- [Work instruction]:
Copy every line of the records that includes the word "with".

- [Available records]:
= = = = =

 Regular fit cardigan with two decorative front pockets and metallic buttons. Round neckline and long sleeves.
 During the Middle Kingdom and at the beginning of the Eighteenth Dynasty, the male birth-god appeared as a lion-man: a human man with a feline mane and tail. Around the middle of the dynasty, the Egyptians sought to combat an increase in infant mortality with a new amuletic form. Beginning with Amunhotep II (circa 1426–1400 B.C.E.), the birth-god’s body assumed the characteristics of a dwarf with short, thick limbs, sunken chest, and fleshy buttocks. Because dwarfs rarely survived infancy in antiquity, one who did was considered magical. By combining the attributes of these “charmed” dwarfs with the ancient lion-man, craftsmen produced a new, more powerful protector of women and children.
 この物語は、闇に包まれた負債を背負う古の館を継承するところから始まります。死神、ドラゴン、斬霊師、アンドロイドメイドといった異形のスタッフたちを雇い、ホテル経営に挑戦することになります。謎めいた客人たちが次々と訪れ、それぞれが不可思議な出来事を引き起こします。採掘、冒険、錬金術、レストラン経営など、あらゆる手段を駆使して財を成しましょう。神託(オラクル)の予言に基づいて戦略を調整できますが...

= = = = =

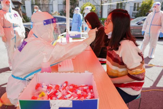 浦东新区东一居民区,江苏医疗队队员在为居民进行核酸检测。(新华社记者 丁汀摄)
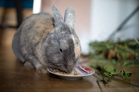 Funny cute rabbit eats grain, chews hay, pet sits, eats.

= = = = =

- [Reply to the task]:
 Regular fit cardigan with two decorative front pockets and metallic buttons. Round neckline and long sleeves.
 During the Middle Kingdom and at the beginning of the Eighteenth Dynasty, the male birth-god appeared as a lion-man: a human man with a feline mane and tail. Around the middle of the dynasty, the Egyptians sought to combat an increase in infant mortality with a new amuletic form. Beginning with Amunhotep II (circa 1426–1400 B.C.E.), the birth-god’s body assumed the characteristics of a dwarf with short, thick limbs, sunken chest, and fleshy buttocks. Because dwarfs rarely survived infancy in antiquity, one who did was considered magical. By combining the attributes of these “charmed” dwarfs with the ancient lion-man, craftsmen produced a new, more powerful protector of women and children.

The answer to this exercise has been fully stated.